Exercise prompt: In your copy, each line below is repeated exactly and no image appears.

━━━ Dataset section ━━━

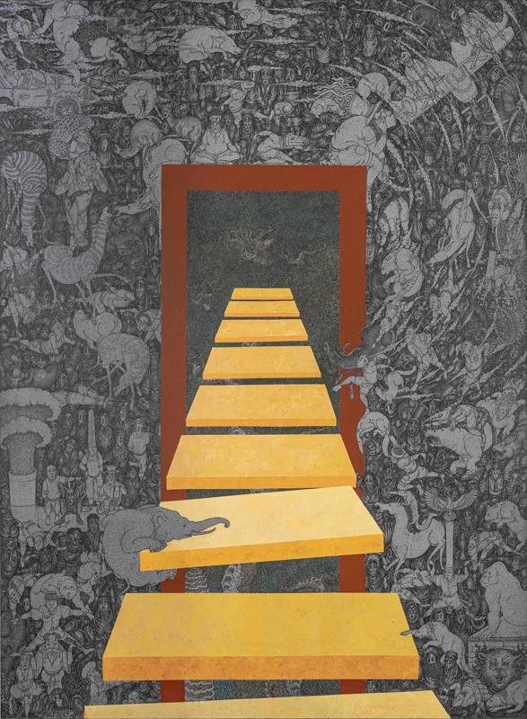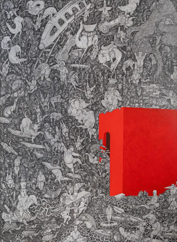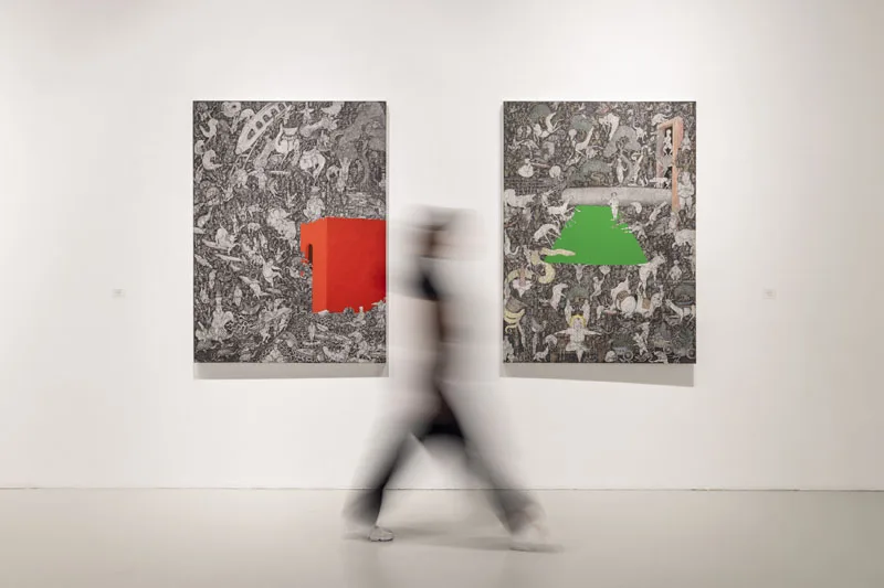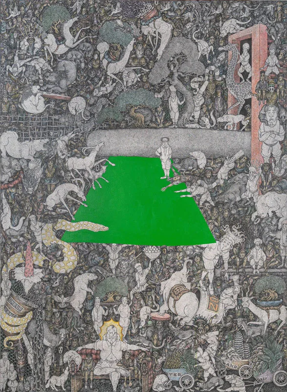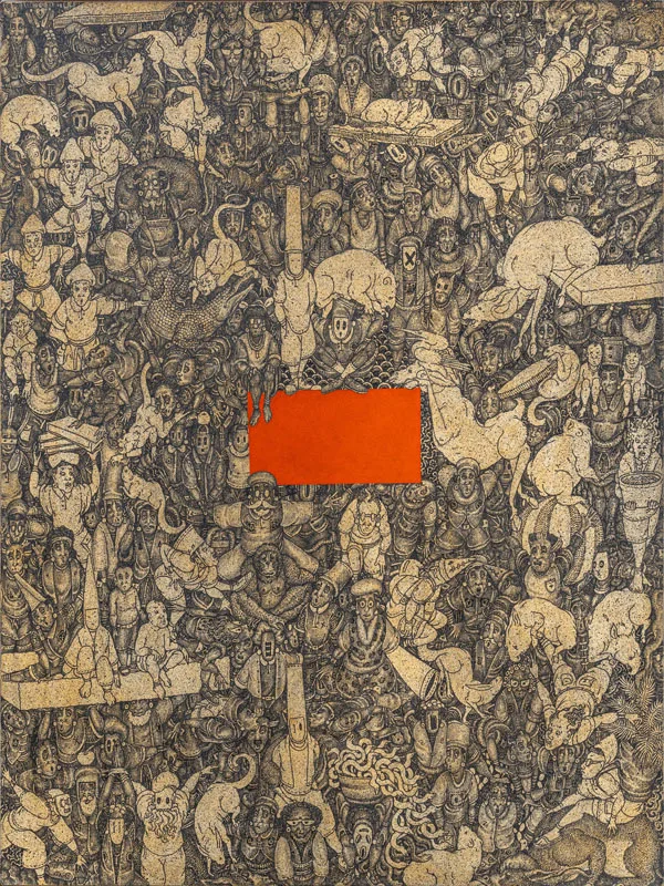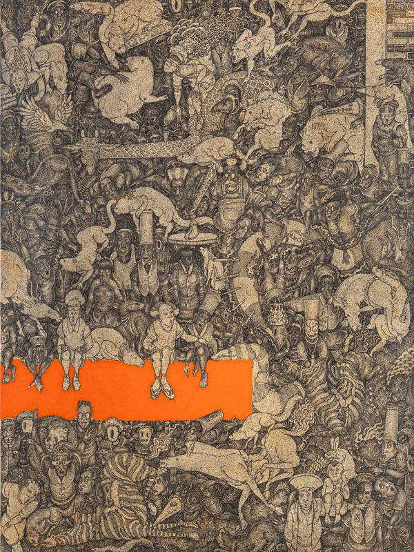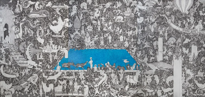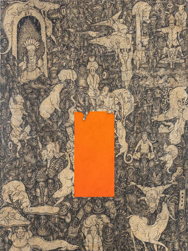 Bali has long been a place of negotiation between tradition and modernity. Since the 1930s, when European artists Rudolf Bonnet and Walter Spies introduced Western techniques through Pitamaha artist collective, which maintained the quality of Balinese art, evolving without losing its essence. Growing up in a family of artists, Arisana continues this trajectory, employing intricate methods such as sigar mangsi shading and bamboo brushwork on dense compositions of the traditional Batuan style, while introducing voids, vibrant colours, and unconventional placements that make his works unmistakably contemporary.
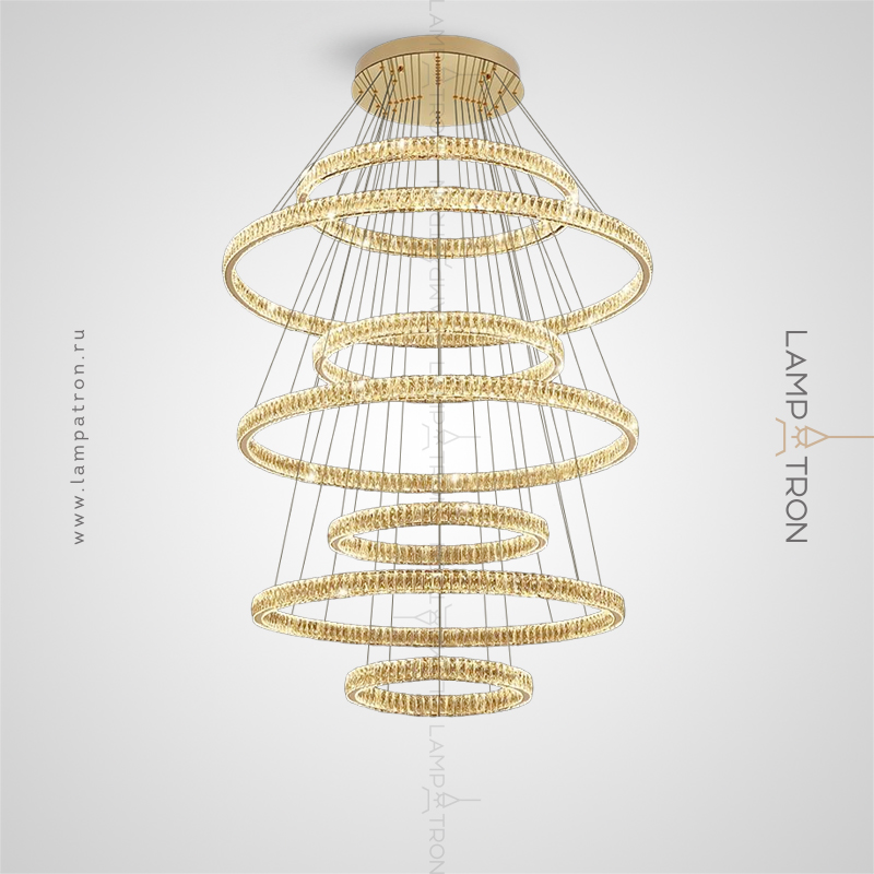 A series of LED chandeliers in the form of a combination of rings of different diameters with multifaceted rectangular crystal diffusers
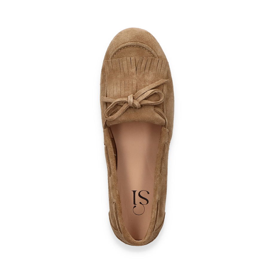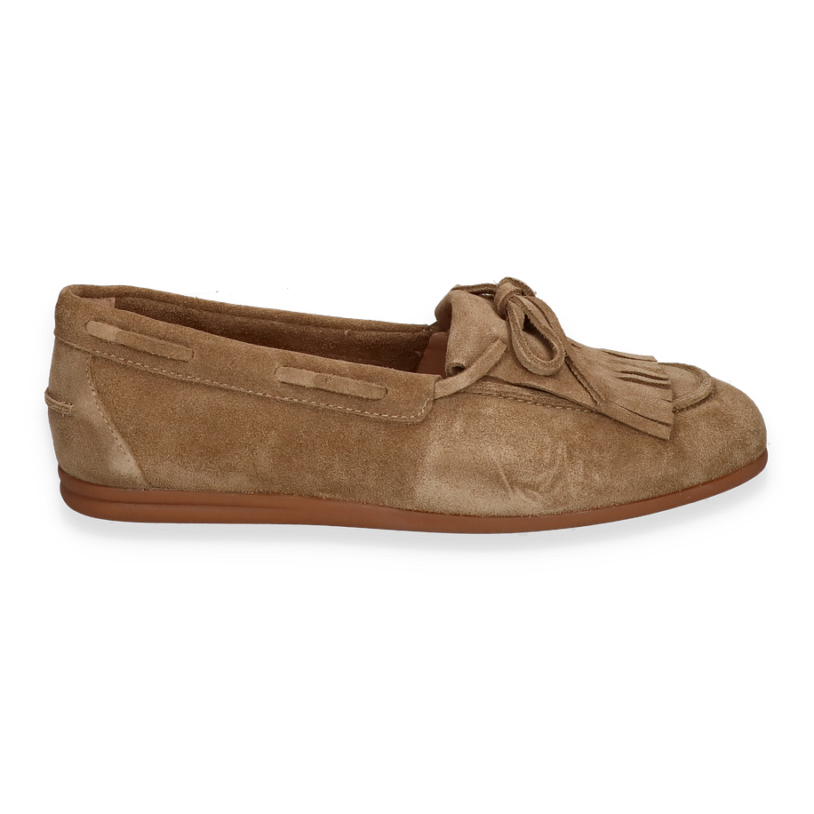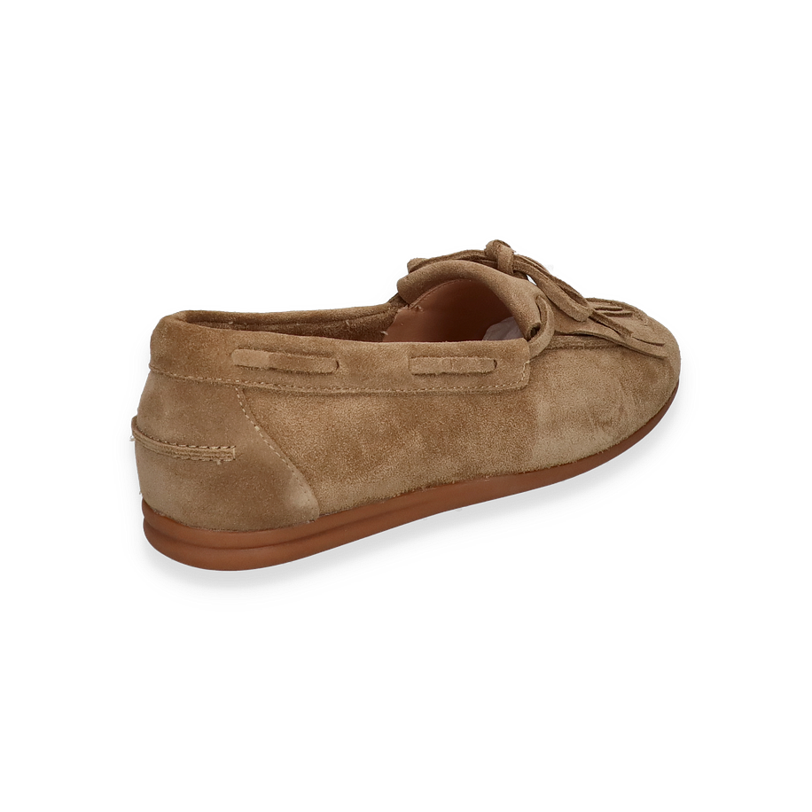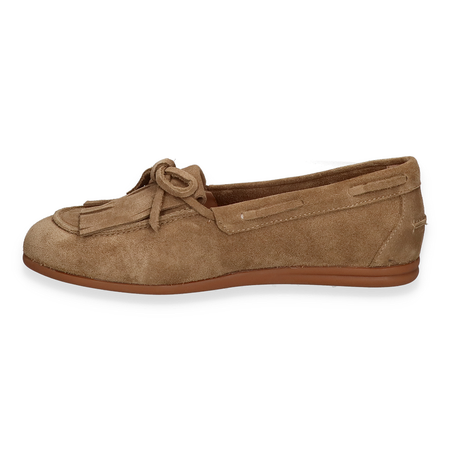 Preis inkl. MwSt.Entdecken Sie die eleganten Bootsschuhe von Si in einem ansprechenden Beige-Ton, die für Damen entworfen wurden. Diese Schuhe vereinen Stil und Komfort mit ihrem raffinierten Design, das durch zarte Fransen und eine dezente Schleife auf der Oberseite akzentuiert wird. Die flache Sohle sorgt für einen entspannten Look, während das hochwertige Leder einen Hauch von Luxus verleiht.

━━━

Reply to the task:
 Bali has long been a place of negotiation between tradition and modernity. Since the 1930s, when European artists Rudolf Bonnet and Walter Spies introduced Western techniques through Pitamaha artist collective, which maintained the quality of Balinese art, evolving without losing its essence. Growing up in a family of artists, Arisana continues this trajectory, employing intricate methods such as sigar mangsi shading and bamboo brushwork on dense compositions of the traditional Batuan style, while introducing voids, vibrant colours, and unconventional placements that make his works unmistakably contemporary.
 A series of LED chandeliers in the form of a combination of rings of different diameters with multifaceted rectangular crystal diffusers
 Preis inkl. MwSt.Entdecken Sie die eleganten Bootsschuhe von Si in einem ansprechenden Beige-Ton, die für Damen entworfen wurden. Diese Schuhe vereinen Stil und Komfort mit ihrem raffinierten Design, das durch zarte Fransen und eine dezente Schleife auf der Oberseite akzentuiert wird. Die flache Sohle sorgt für einen entspannten Look, während das hochwertige Leder einen Hauch von Luxus verleiht.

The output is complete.